• Tobias Olofsson (unregistered)

    max( Frist, Second, NaN, FIleNotFound)

  • Prime Mover (unregistered)

    Mariette confirmed that attempts to fix the function broke many things in the application, so she did the only thing she could do:

    ... fixed them.

    FTFY

  • Greg (unregistered)

    I don't get why she didn't remove the function altogether. You can't miss a place where it's used as the compiler will flag all invocations with a too many arguments error...

  • 516052 (unregistered)

    Because than she would be the one responsible for causing a hundred and one errors in areas of code that previously worked. Areas of code written by other people. People that would come shout at her for breaking their code.

  • BurnBadBooks (unregistered)

    There could be other functions in the code base called max, that take 2parameters, that do something else; so changing the signature of this function could then cause other problems. Maybe that's what the other parameters are for - to control which max function gets called? (like the int parameter that gets added to operator++)

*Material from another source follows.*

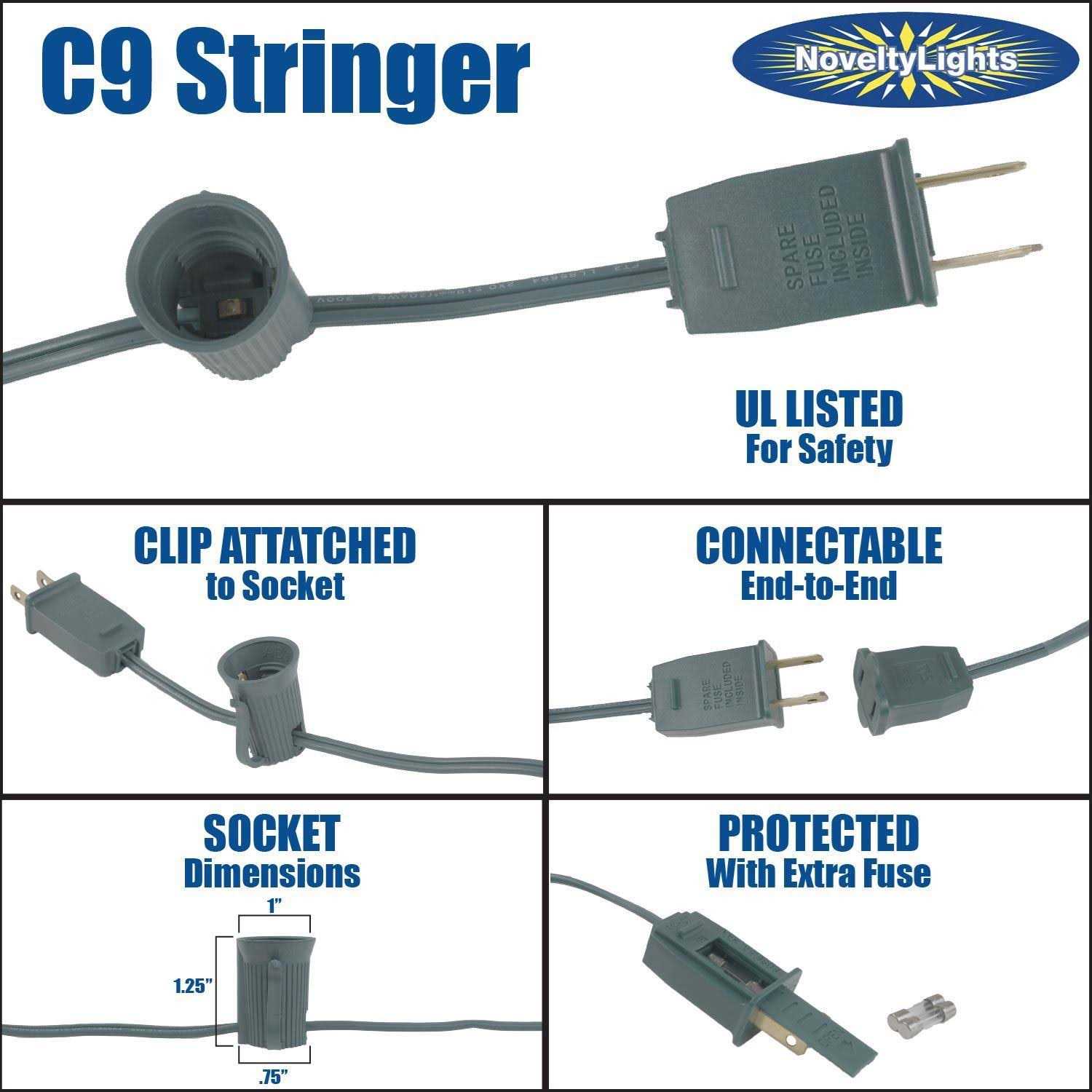 Novelty Lights SPT-1 wire stringer (e17) intermediate base for incandescent and C9 LED bulbs is perfect for creating your stunning holiday lighting extravaganza. Our C9 strings can be used indoors and outdoors for lighting up your roofline, fenceline, trees, and windows. Our C9 strings are made with 25 high quality sockets with each having a 6″ lead/tail wires. Each string comes with a 5 amp fuse with 1 extra fuse included inside the male plug. Bulbs are sold separately.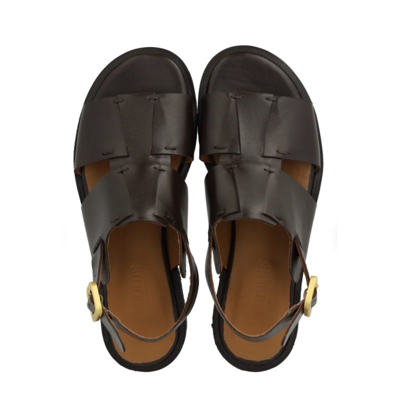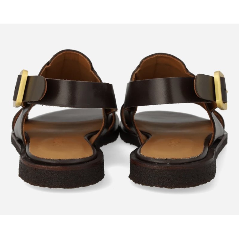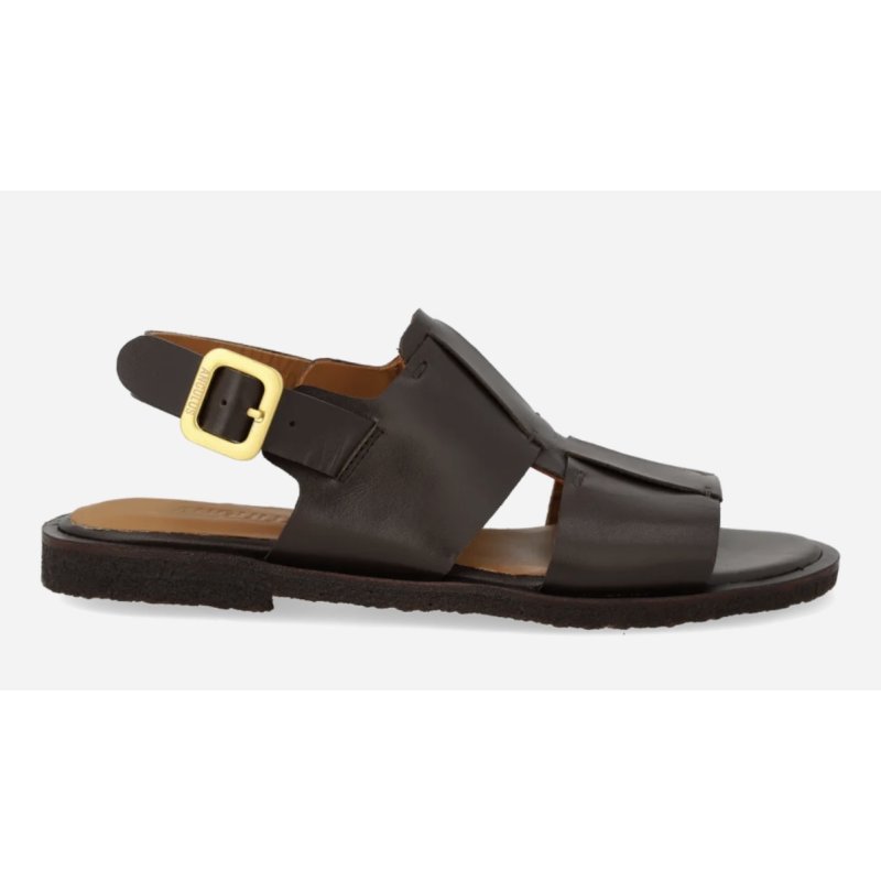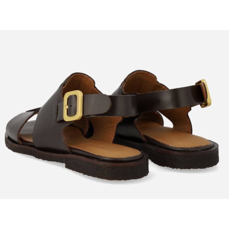 Meget lækker remsandal fra Angulus i mørkebrun skind. Sandalen har bløde rågummisåler, og vatteret indersåler. Skindforet som er i kromfrit læder. Sandalen lukkes bagom hælen, med et flot guldspænde.

  • jeremy (unregistered) in reply to BurnBadBooks

    'There could be other functions in the code base called max, that take 2parameters, that do something else'

    If they do something else they should probably be named differently.

    As for removing unused parameters. You can assign a default value to parameters, right? Then you can take a phased approach where you warn on the usage of max with values c and d. That would let you fix occurences one by one and give visibility to other devs that use max incorrectly

  • burner (unregistered)

    so she promoted it out of the way. how corporate of her.

  • Robin (unregistered)

    Did they not use version control? I'd have been very tempted to view the history of this file to see how it ended up this way, hopefully with some commit messages or linked tasks or whatever to help understand.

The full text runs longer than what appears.